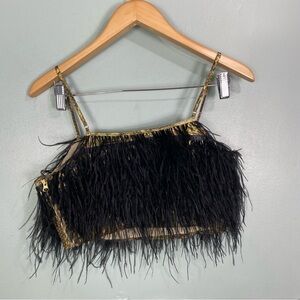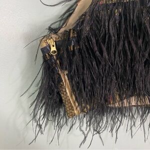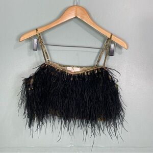 LoveShackFancy Set Dusty Crop Cami Midnight Ruby & Risha Feather Trim Mini Skirt
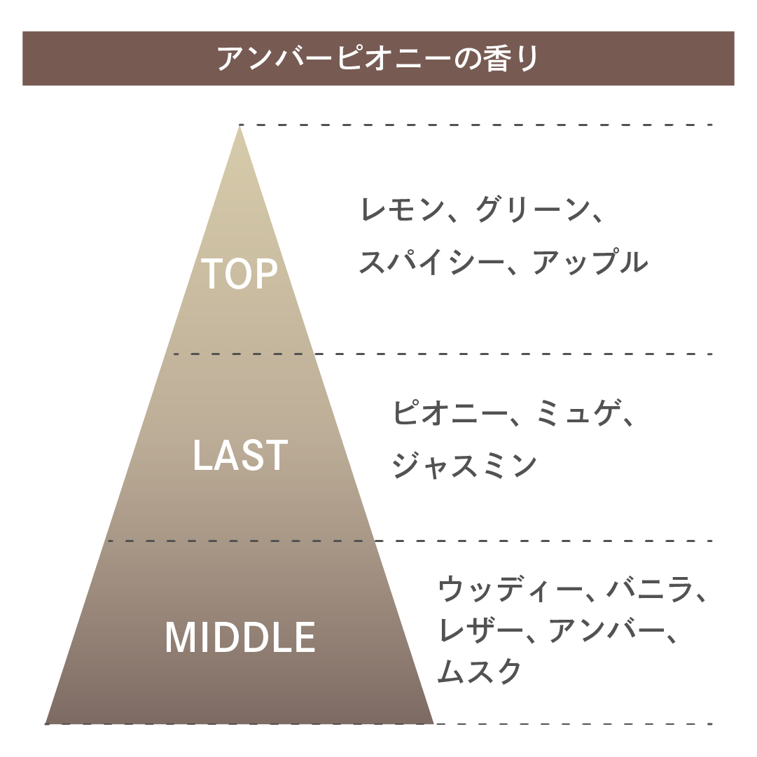 優美なピオニーにジャスミンやローズが溶け込む気品に満ちた香り。
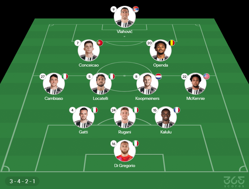- Provável escalação da Juventus: Di Gregorio; Gatti, Rugani e Kalulu; McKennie, Koopmeiners, Locatelli e Cambiaso; Openda e Francisco Conceição; Vlahovic
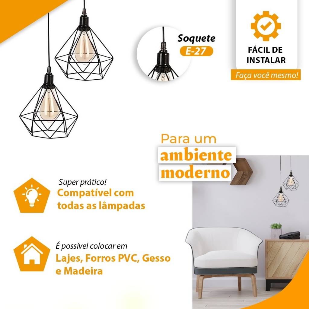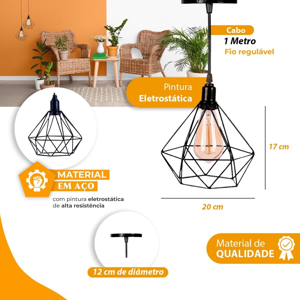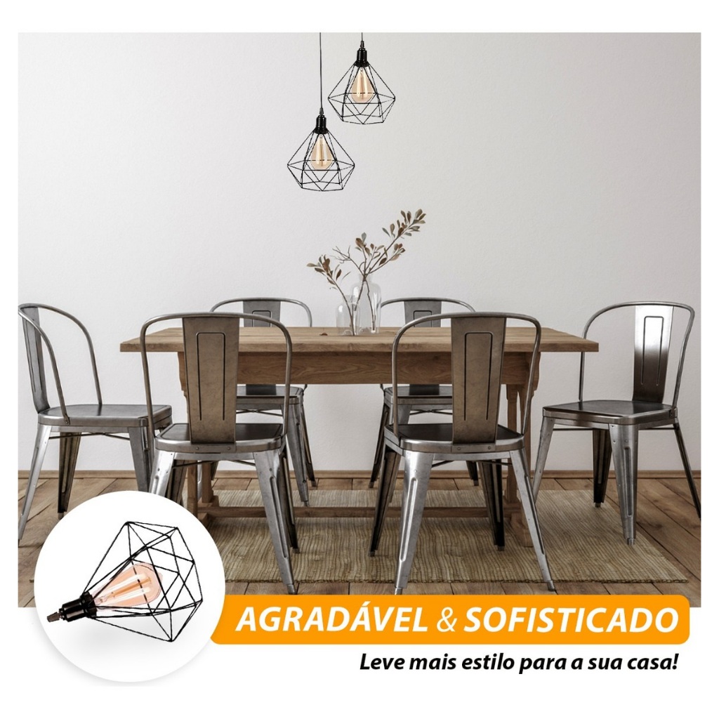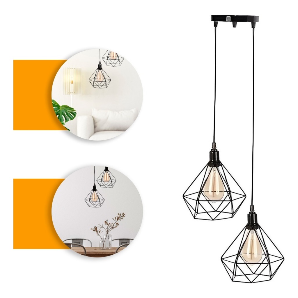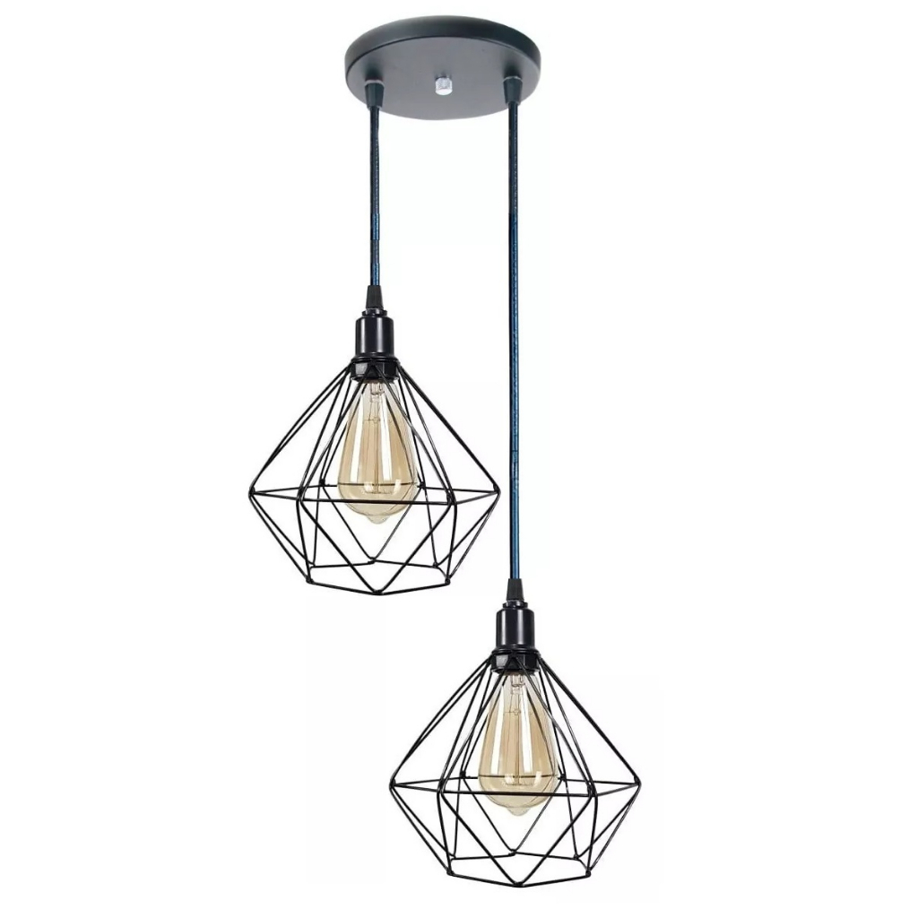 Pendente Aramado Diamante Luminária Base Dupla Teto Retrô Vintage Industrial

◆ ACTION ITEM
The lines from the one holding "優美なピオニーにジャスミンやローズが溶け込む気品に満ちた香り。" through the end of the material above are to be echoed exactly, both ends included. Do not include pictures.

◆ RESULT
 優美なピオニーにジャスミンやローズが溶け込む気品に満ちた香り。
- Provável escalação da Juventus: Di Gregorio; Gatti, Rugani e Kalulu; McKennie, Koopmeiners, Locatelli e Cambiaso; Openda e Francisco Conceição; Vlahovic
 Pendente Aramado Diamante Luminária Base Dupla Teto Retrô Vintage Industrial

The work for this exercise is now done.